How to build high performance Hadoop cluster for large data processing

Source: Internet
Author: User
Keywords High performance server large data

More and more enterprises are using Hadoop to process large data, but the overall performance of the Hadoop cluster depends on the performance balance between CPU, memory, network and storage. In this article, we will explore how to build a high-performance network for the Hadoop cluster, which is the key to processing analysis of large data.

About Hadoop

"Big Data" is a loose set of data, and the constant growth of massive amounts of data forces companies to manage them in a new way. Large data is a large collection of structured or unstructured data types. Hadoop, however, is the software architecture that Apache publishes to analyze petabytes of unstructured data and transform it into a form that other applications can manage. Hadoop makes it possible for large data processing and can help enterprises to explore new business opportunities from customer data. If you can do real-time processing or close to real-time processing, it will provide users with a strong advantage in many industries.
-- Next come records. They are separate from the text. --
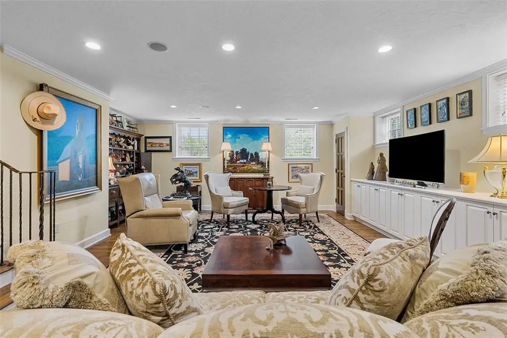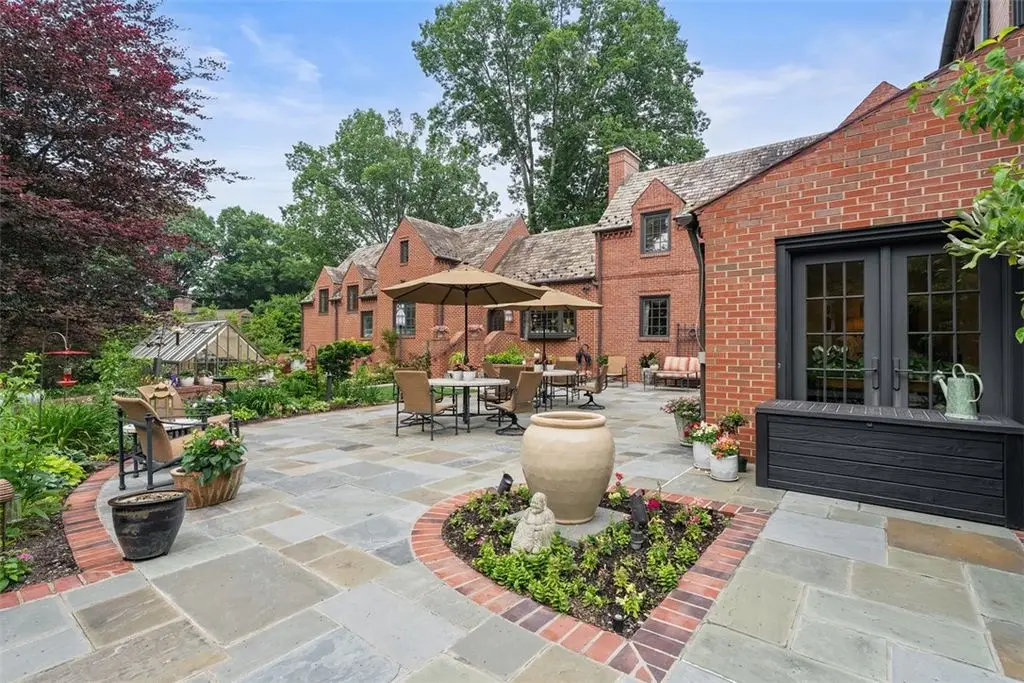 An extraordinary offering in Upper St. Clair, this English Manor Tudor estate pairs timeless architecture with refined modern living. Privately set on nearly an acre beside historic Gilfillan Farm, the 4+ bed, 3.5 bath home exudes quiet sophistication. Rich in character and craftsmanship, it features artisan millwork, stained glass windows, arched doorways, and a graceful layout ideal for both everyday living and elegant entertaining. A chef's kitchen with Subzero/Thermador appliances and walnut and quartzite counters, first-floor owner's suite with den and custom closets, and an elevator enhance comfort and convenience. Professionally designed gardens envelop the home with year-round beauty, offering serene outdoor spaces and a rare sense of privacy. Just minutes from schools, parks, and amenities, this is a rare opportunity to own a legacy property where heritage, design, and natural beauty converge in perfect harmony. A truly distinguished home for the discerning buyer.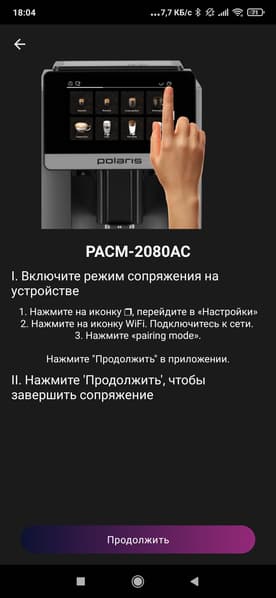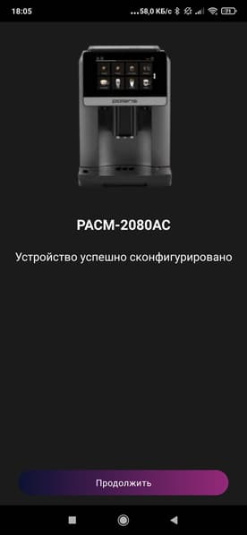 В процессе подключения приложение самостоятельно обнаружит кофеварку и предложит сообщить ей данные Wi-Fi-сети (название сети и пароль).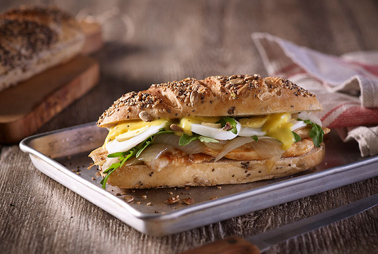 Baguette semillada de pollo, cebollitas asadas, huevo duro y un toque de mostaza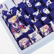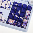 This mechanical keycaps set features various prints of Qiqi from the Game "Genshin Impact" that are bound together with dark blue and white colouring, combined with Backlit keycaps, Qiqi illuminates when LEDs pass through the keycaps.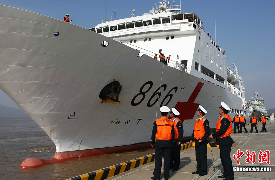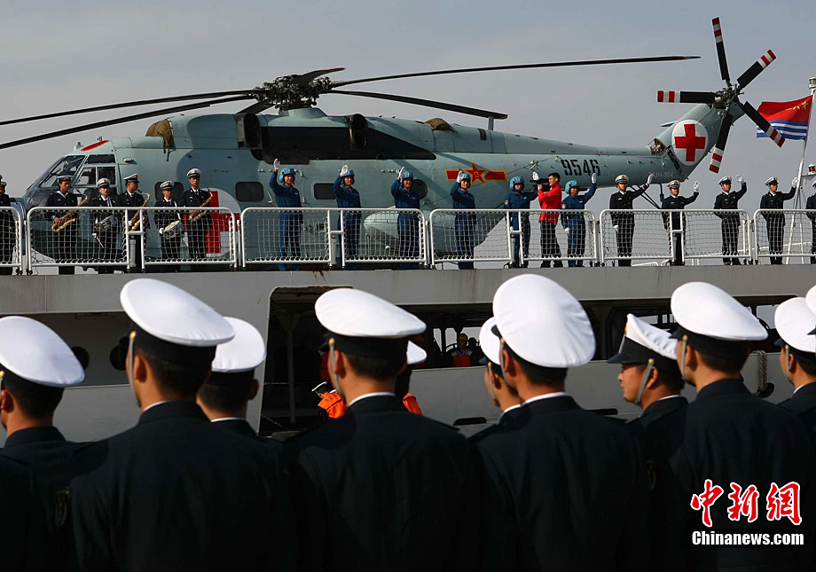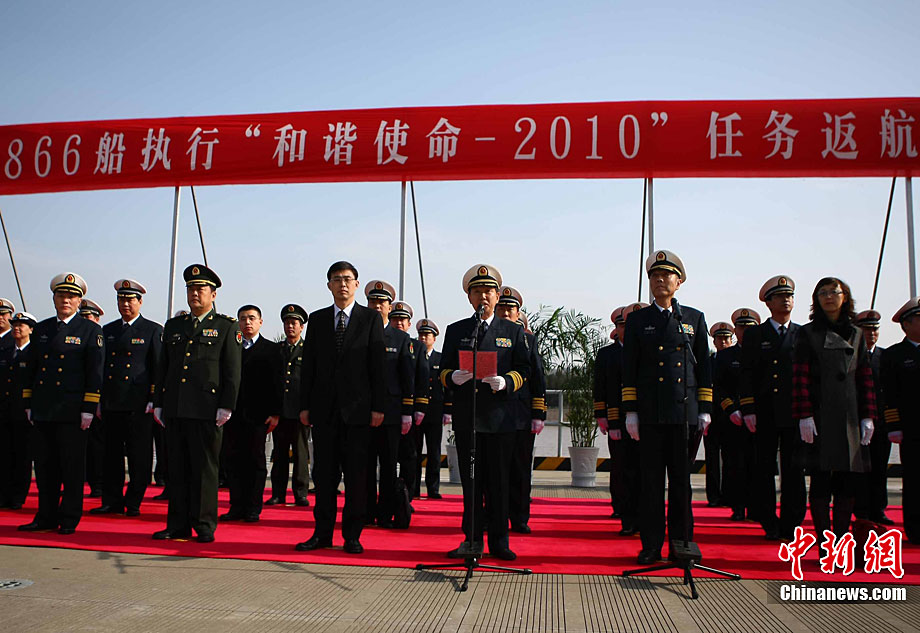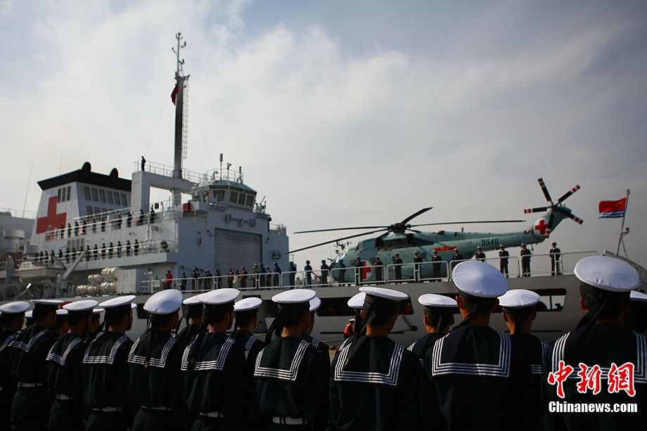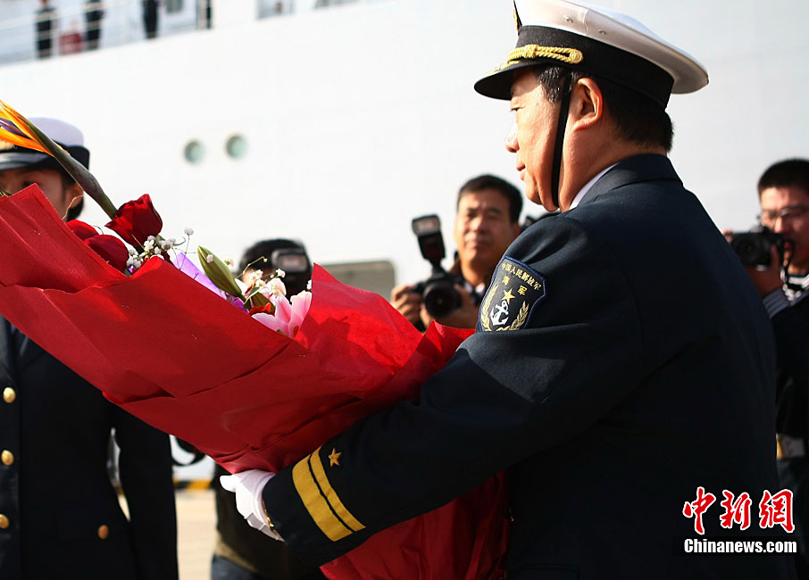 11月26日上午10時(shí),中國(guó)海軍萬(wàn)噸級(jí)醫(yī)院船“和平方舟”安全駛抵舟山軍港,這支歷時(shí)88天、航程17800海里的海上醫(yī)療隊(duì)、為海軍護(hù)航官兵和吉布提、肯尼亞、坦桑尼亞、塞舌爾和孟加拉等國(guó)民眾體檢2127人,門診診治12806人、醫(yī)療巡診1858人,輔助檢查15537人次,成功實(shí)施手術(shù)97例,贈(zèng)送藥材36類790種。海軍副政委徐建中中將迎接執(zhí)行任務(wù)的官兵歸來(lái)。宋吉河 攝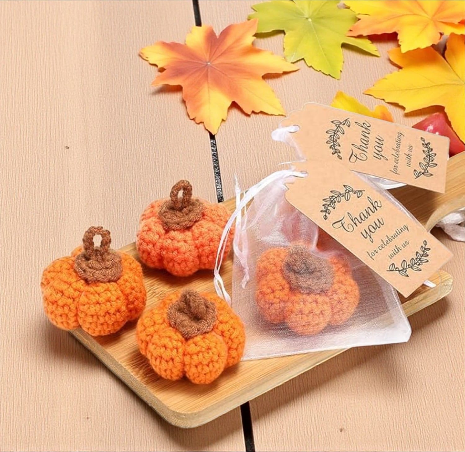 Package the spices in a small muslin bag tied with a ribbon and a custom tag that includes instructions. This favor is perfect for creating a cozy atmosphere and is a wonderful way to extend the warmth of your autumn celebration.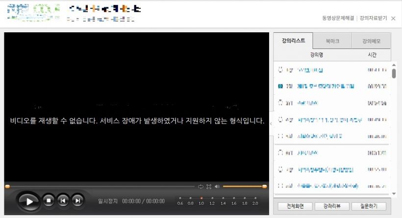 2. 강의 등록 오류로 재생이 되지 않는 경우 : 다른 강의를 클릭하여 잘 나오는지 확인 후 오류 메시지가 나오는 강의명을 기재하여 문의게시판에 문의 주시면 확인하여 조치하겠습니다.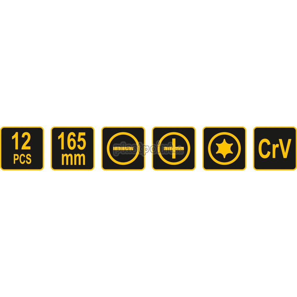 Nástroje dĺžky 165 mm sú zhotovené z CrV ocele, s ergonomicky tvarovanými rukoväťami z dvojzložkového plastu.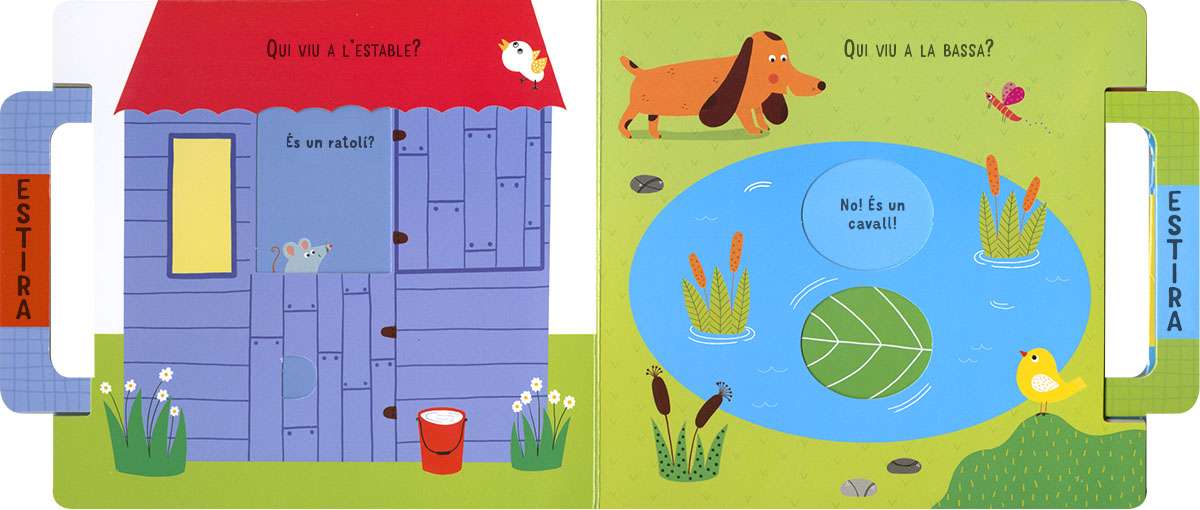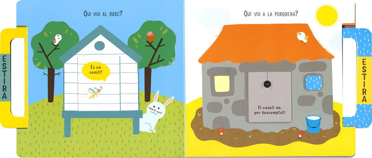 Qui viu a l'estable? I a la porquera? Vols esbrinar-ho? Estira la nansa per a saber on tenen la seva casa els animals. T'encantarà estirar-la una vegada i una altra, perquè hi ha sons amb el moviment! És un llibre de cartró ideal per als més petits de la casa!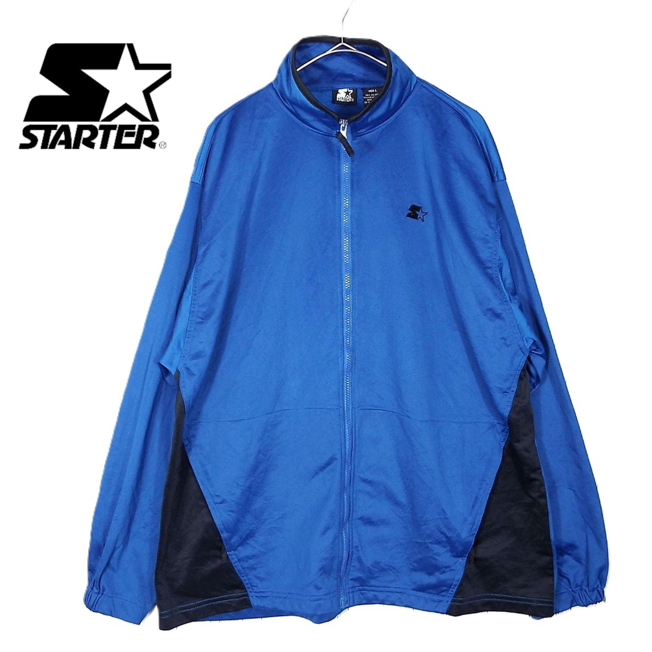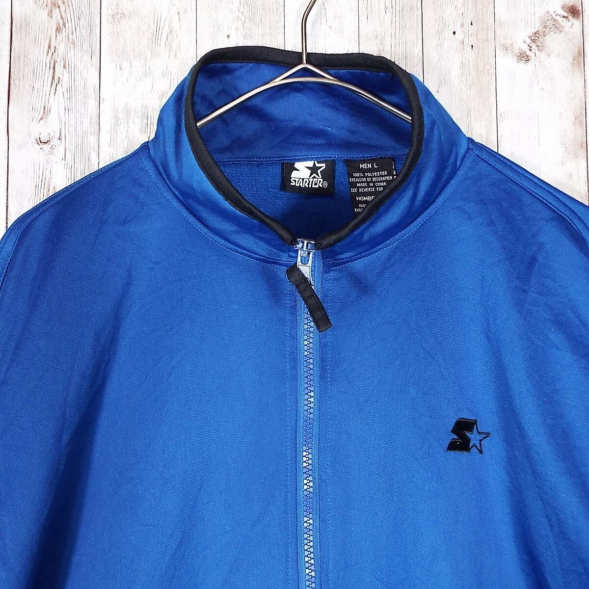 【肩幅55cm】STARTER スターター ワンポイントロゴ刺繍 長袖トラックジャケット トレーニングジャージ Lサイズ ブルーブラック ポリエステル100%【湘南倉庫】USメンズ古着 17000208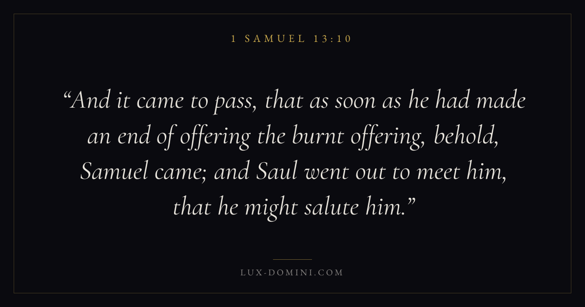 And it came to pass, that as soon as he had made an end of offering the burnt offering, behold, Samuel came; and Saul went out to meet him, that he might salute him.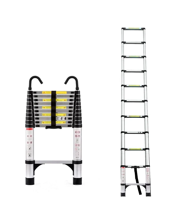 10.5ft (about 3.2m) retractable ladder, multi-functional foldable ladder, with hook, aluminum retractable ladder, suitable for daily use of Rv, attic,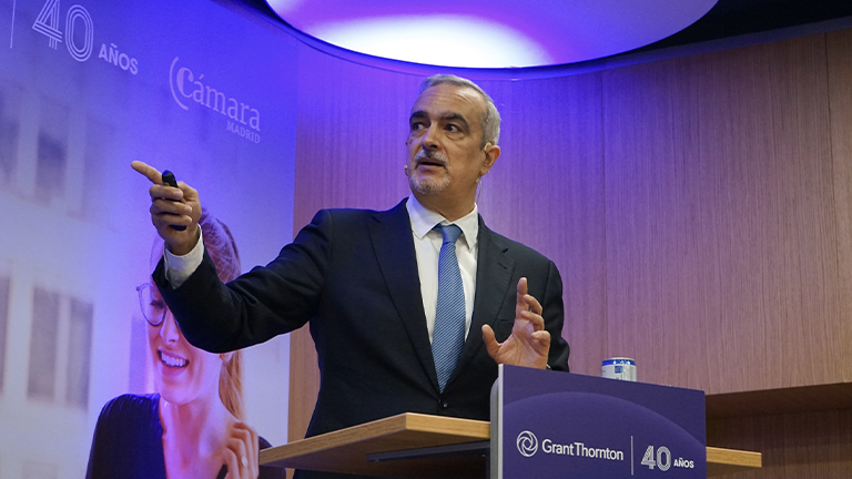 El evento, organizado por Grant Thornton y la Cámara de Madrid, reunió a destacados expertos para explorar el papel de los PPAs en la transición energética mediante las intervenciones de: José Manuel López, socio de Auditoría y Assurance No Financiero en Grant Thornton, Eduardo Tapia, Socio de Fiscal y Fernando Herrero, socio de Valoraciones de Instrumentos Financieros de la firma.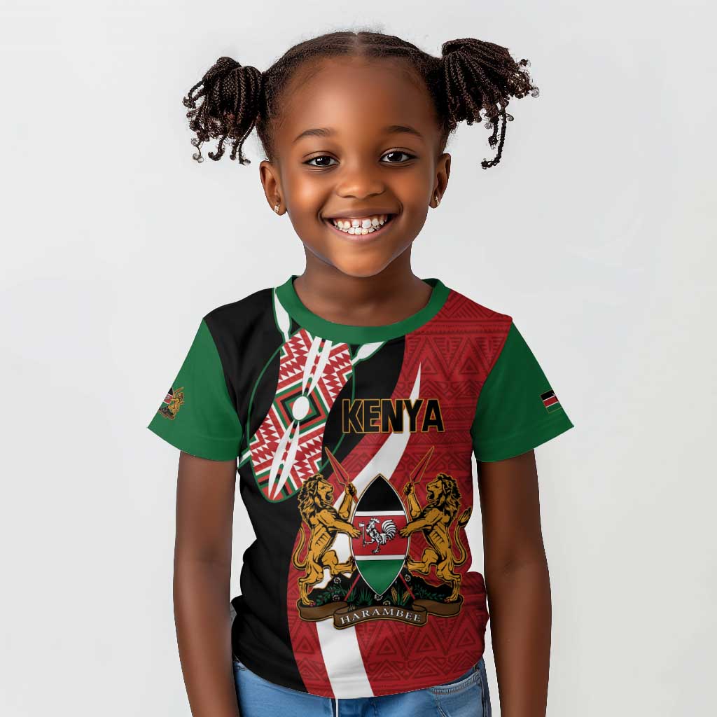 Custom Kenya Football Kid T shirt Go Harambee Stars African Pattern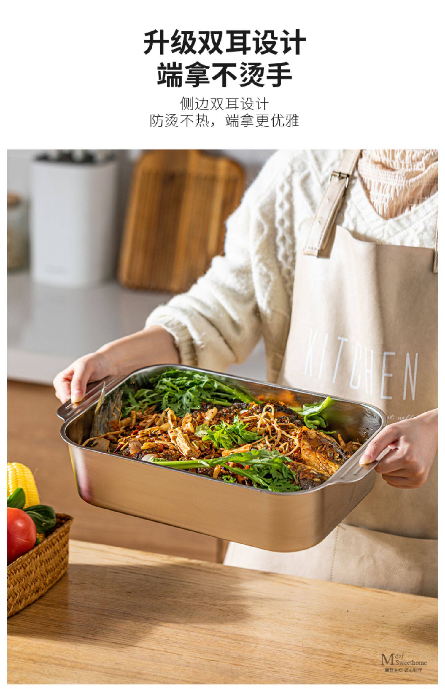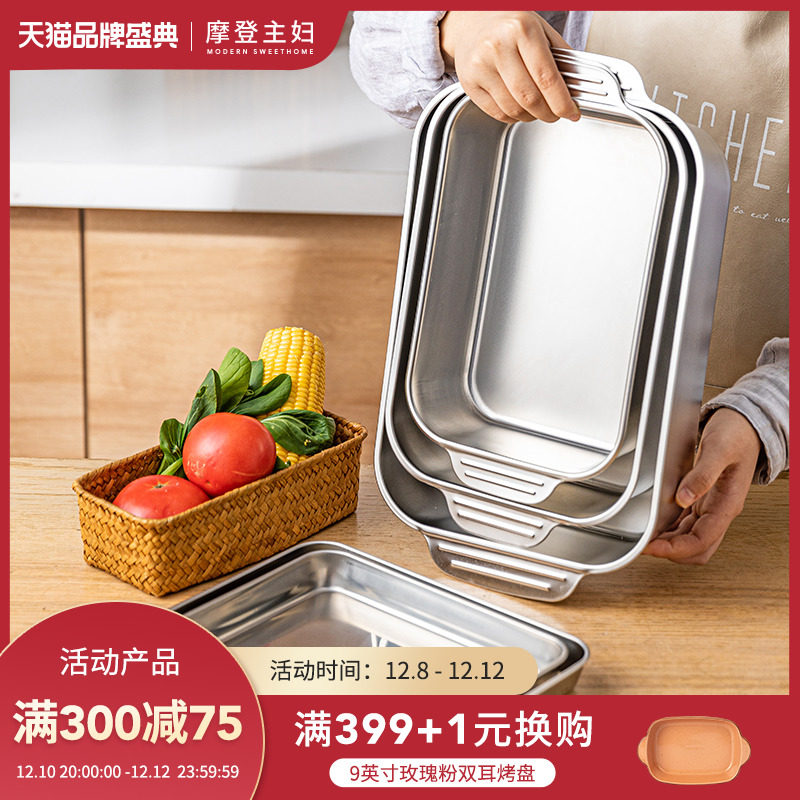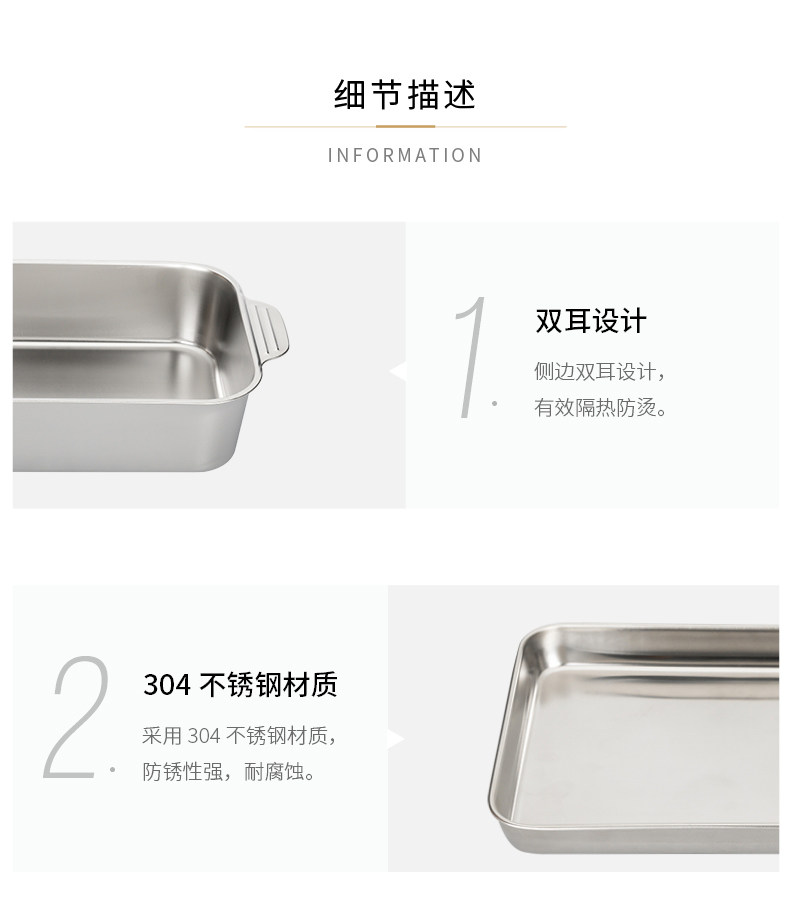 - Двойная глубокая пластина из нержавеющей стали 304 (маленький размер) 32,8*18,7*5,1 см

Hadoop is designed based on Google's MapReduce and Distributed File system principles, and can be deployed on common network and server hardware and made into a computing cluster.

Hadoop model

Hadoop works by cutting a very large dataset into a smaller unit to be processed by the query. Compute resources for the same node are used for parallel query processing. When the task is processed, its processing results are summarized and reported to the user, or processed for further analysis or dashboard display through the Business Analysis application.

To minimize processing time, Hadoop "moves jobs to data" in this parallel architecture, rather than "moving data to Jobs", as in traditional mode. This means that once the data is stored in a distributed system, in real-time search, query, or data mining operations, such as access to local data, in the process of data processing, each node will have only one local query results, which reduces operating expenses.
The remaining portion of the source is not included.